Get out and make the most of it folks, go and enjoy Mother Nature’s splendour, bathed in glorious nourishing sunshine. As our founder says ‘You can’t buy that in a bottle’ so make sure you expose that pasty white skin of yours to the sun at every given opportunity. Perhaps if you do it more than 3 times per year (all in August) then you might actually develop enough of a tan that you won’t burn after just 3 minutes on the beach on a warm day! (Don’t forget our new Patented, Trademarked, Copyrighted, Proprietary-Blend Sun Mask – we call it ‘Shade!’ If you feel too hot, find a tree and get some ‘Shade!’ – it’s all you need!)

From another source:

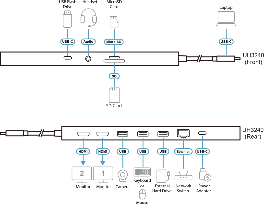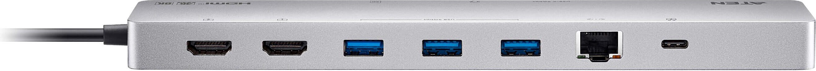 ATEN Докинг 11-in-1 USB-C Multiport Dock + Power Pass-Through, 2 x HDMI, LAN,3.5mm, USB-C, SD Card , microSD, 3 x USB 3.2

Your free bonus: Purchase massive bulk quantities of all the above, and you get this super special bonus product for FREE!!
- Zest for Life!
That’s it folks, free with EVERY order, get your passion for living, bundle up your Feelgood Factor and get out there and LOVE LIFE!
This Special Offer Promotion was brought to you by your friendly neighbourhood MotherNaturesDiet!
For bulk orders, or to join our strangely-pyramid-shaped ‘get-rich-quick’ Distributor Scheme, just call 0800-DON’T-BE-A-MUG and we’ll take you for everything you’ve got.